What you should do —
Give back the data below word for word. Any image in it should be left out.

Information provided —
******
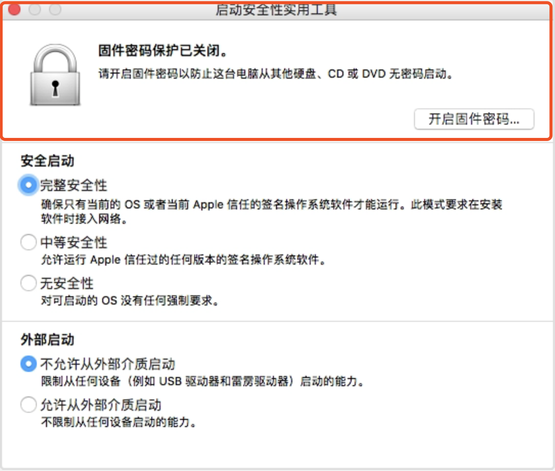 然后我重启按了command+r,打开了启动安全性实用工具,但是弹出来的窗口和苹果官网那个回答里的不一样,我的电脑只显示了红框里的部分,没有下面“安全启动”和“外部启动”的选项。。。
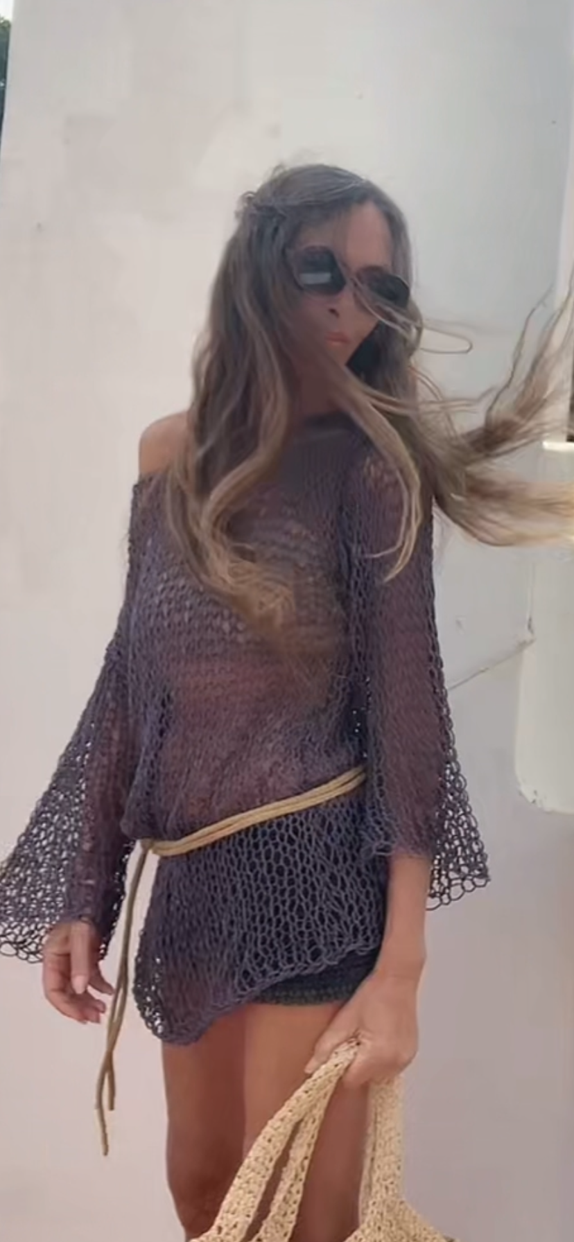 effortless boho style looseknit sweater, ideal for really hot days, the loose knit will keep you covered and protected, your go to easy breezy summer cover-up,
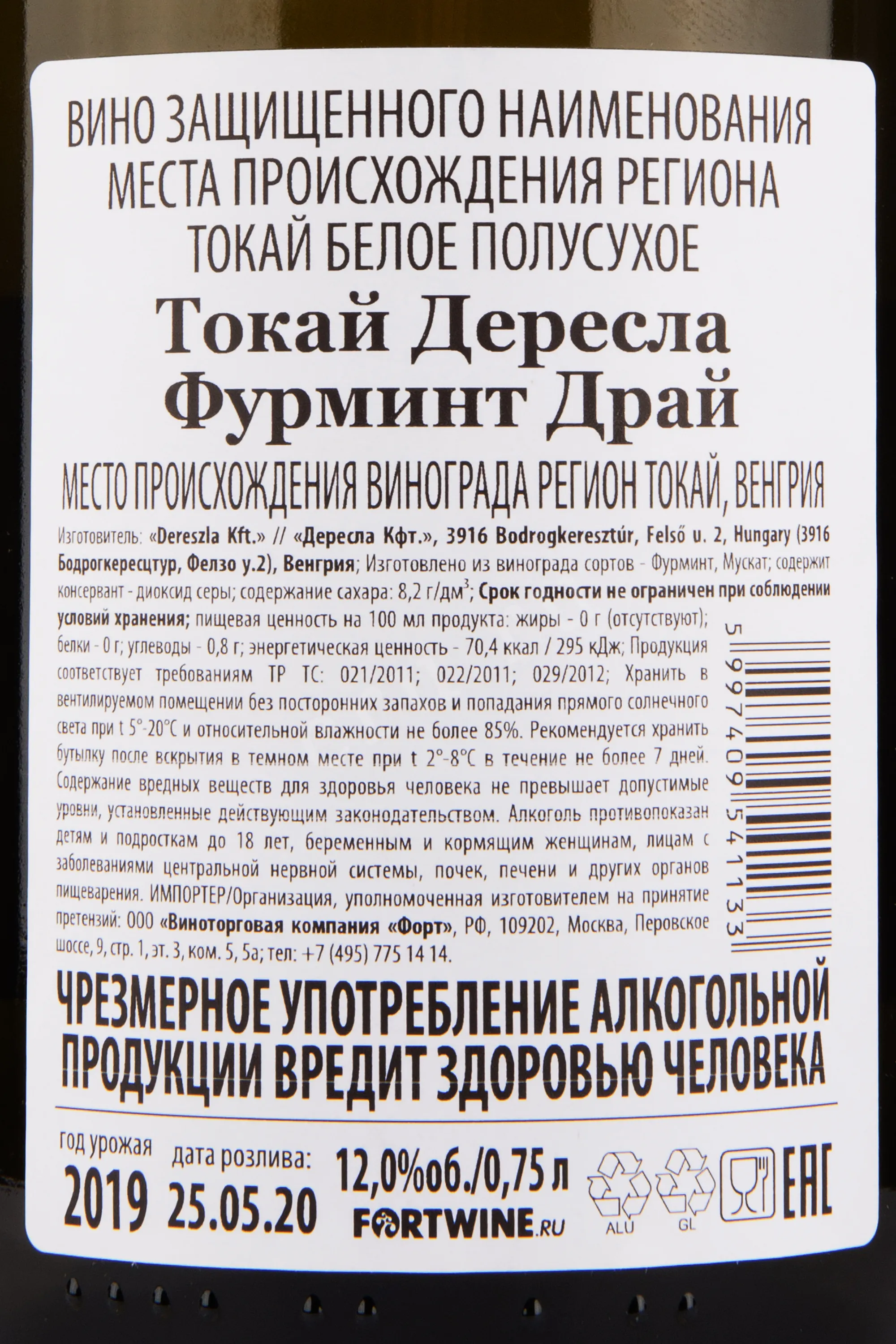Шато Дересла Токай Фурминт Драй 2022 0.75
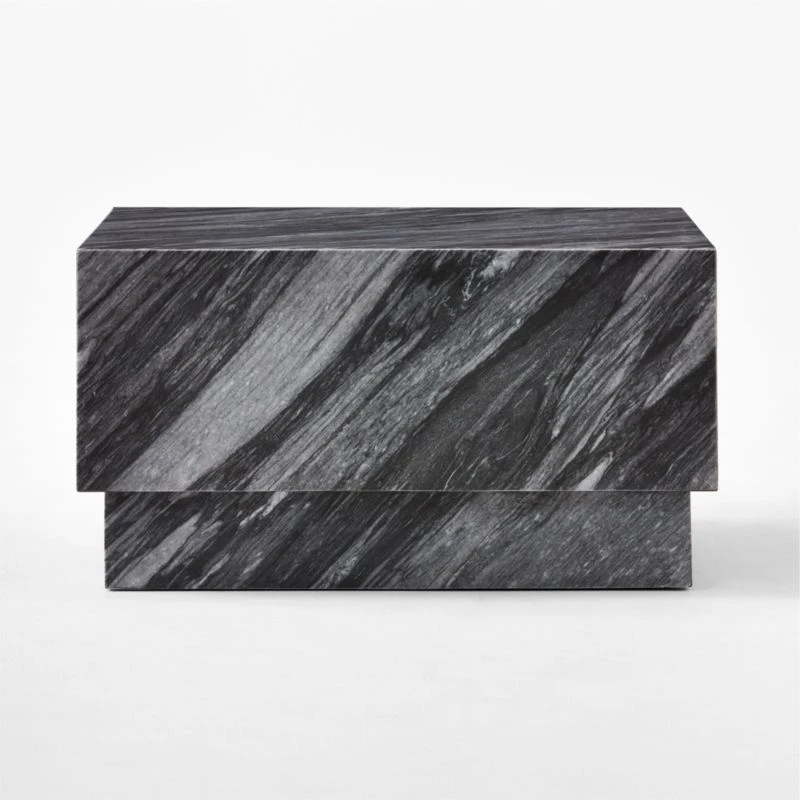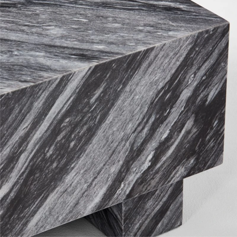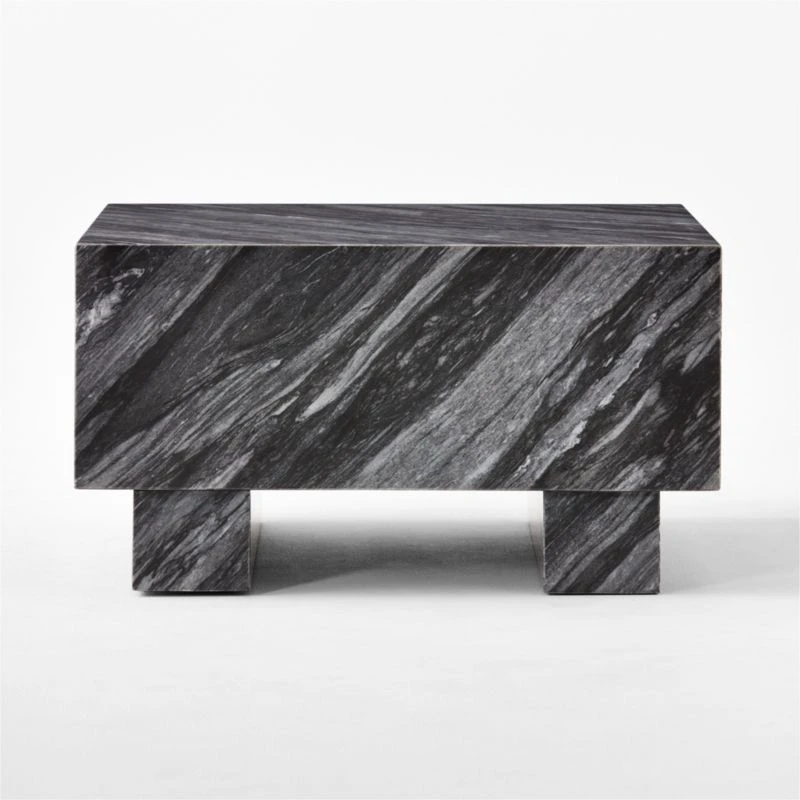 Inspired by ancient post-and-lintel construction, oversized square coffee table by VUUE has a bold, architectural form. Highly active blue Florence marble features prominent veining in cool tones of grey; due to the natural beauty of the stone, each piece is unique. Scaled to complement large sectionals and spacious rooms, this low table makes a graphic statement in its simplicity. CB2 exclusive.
******
Your response —
 然后我重启按了command+r,打开了启动安全性实用工具,但是弹出来的窗口和苹果官网那个回答里的不一样,我的电脑只显示了红框里的部分,没有下面“安全启动”和“外部启动”的选项。。。
 effortless boho style looseknit sweater, ideal for really hot days, the loose knit will keep you covered and protected, your go to easy breezy summer cover-up,
Шато Дересла Токай Фурминт Драй 2022 0.75
 Inspired by ancient post-and-lintel construction, oversized square coffee table by VUUE has a bold, architectural form. Highly active blue Florence marble features prominent veining in cool tones of grey; due to the natural beauty of the stone, each piece is unique. Scaled to complement large sectionals and spacious rooms, this low table makes a graphic statement in its simplicity. CB2 exclusive.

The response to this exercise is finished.